This problem investigates rational and irrational numbers. Along the way, there is the chance for some reasoned arguments and the search for counter-examples, while students are challenged to apply their understanding of fractions and decimals.
Possible approach
"Can you find a fraction between $\sqrt{65}$ and $\sqrt{67}$?
Give students a little bit of time to come up with ideas, and write up some of the fractions they've found.
"What values is it possible for the denominator to take? Can you find a denominator where there is no fraction that lies between $\sqrt{65}$ and $\sqrt{67}$?"
Again, give students some time to explore. Then share approaches, and if no-one has come up with something similar, show Charlie's and Alison's approaches from the problem.
"Your challenge is to find all the denominators where there is no fraction between $\sqrt{65}$ and $\sqrt{67}$, and to prove that you have found them all!"
Students may wish to use calculators, or investigate using a spreadsheet.
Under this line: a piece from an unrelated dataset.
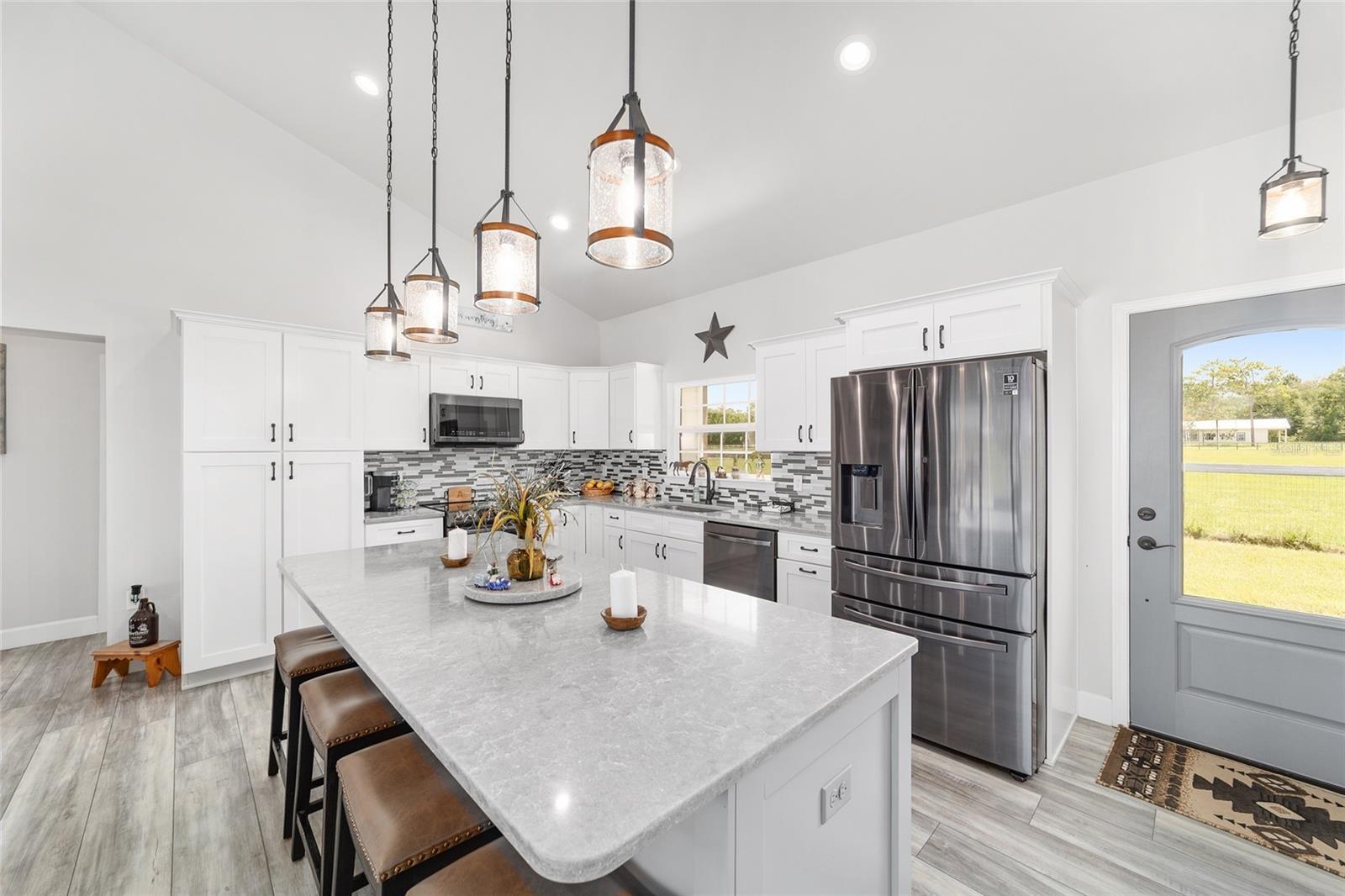 Back on the market. Buyers home sale fell through. Now is your chance to grab it before someone else does. Welcome to this charming 10.40-acre equestrian retreat in Williston, Florida, where functionality meets farmhouse charm. From the moment you arrive at the gated entrance—complete with elegant stone columns—you’ll feel the pride of ownership and thoughtful planning that went into every inch of this stunning property. A long driveway leads past lush fenced pastures to the heart of the farm, where a 2022-built center aisle horse barn and a modern farmhouse-style home await. The 48' x 48' center aisle barn features 8 stalls, 4 with private turnout pens and end gates for easy access to the pastures. There’s a wash rack, two flexible open bays that can become additional stalls or hay storage, and a 12' x 24' insulated, air-conditioned tack room with a 5' roll-up door—ideal for moving your tack and feed in comfort. Rubber flooring throughout the aisle, stalls, and tack room adds to the functionality and ease of maintenance. For the equipment or hobby enthusiast, a second 40' x 84' pole barn (also built in 2022) offers five open bays with an additional 12' x 60' overhang—perfect for tractors, trailers, or RVs. A 24' x 40' enclosed garage with two large roll-up doors provides space for a workshop, toy storage, or additional farm use. In addition, you have 200-amp electric service to the home and both barns, plus two RV hook-ups (one 30amp & one 50amp) and dual electric meters, this property is designed for versatility. At the top of the farm sits the quaint 3-bedroom, 2-bath home, built in 2022 and overflowing with charm. The farmhouse kitchen features stainless steel appliances, glass backsplash, a center island, and bar seating that opens to the spacious living area. A retractable glass wall extends your living space onto the screened lanai, which features a heated saltwater pool (added 2023), all facing west for breathtaking sunsets after a long day. This split floor plan offers a private master suite, while the 3rd bedroom, complete with sliding barn doors and Murphy Bed doubles as an office providing work-from-home potential. Another great feature of the home is a 24' x 36' attached 3-car carport making everyday access convenient rain or shine. Enjoy panoramic views of your horses from nearly every window. Four large pastures surround the home, and the fifth pasture features a riding arena, ideal for any discipline. Tucked away in peaceful countryside yet still just 6 miles to Williston, this property offers the best of both worlds. You're also 20 minutes to the HITS showgrounds, 25 minutes to the World Equestrian Center, 35 minutes to Gainesville, 30 minutes to Ocala, and less than an hour to the Gulf of Mexico for beachside escapes and fishing adventures. Whether you're training, relaxing, or entertaining, this turn-key farm has everything you need to live the equestrian dream. The sunsets here are unforgettable—and so is the opportunity.

Towards the end of the lesson, bring students together to discuss what they found, in particular, focussing on explanations why they know that after a certain point, every denominator will have a fraction in the specified range.
Key questions
What happens to the gap between $\frac{p}{q}$ and $\frac{p+1}{q}$ as $q$ gets larger?
Possible extension
An interesting extension question to ponder is whether there are pairs of distinct irrational numbers without any rationals between them. An Introduction to Irrational Numbers might be of interest to students who enjoy working on this problem.
Possible support
Students could develop their understanding of fractions with Keep it Simple.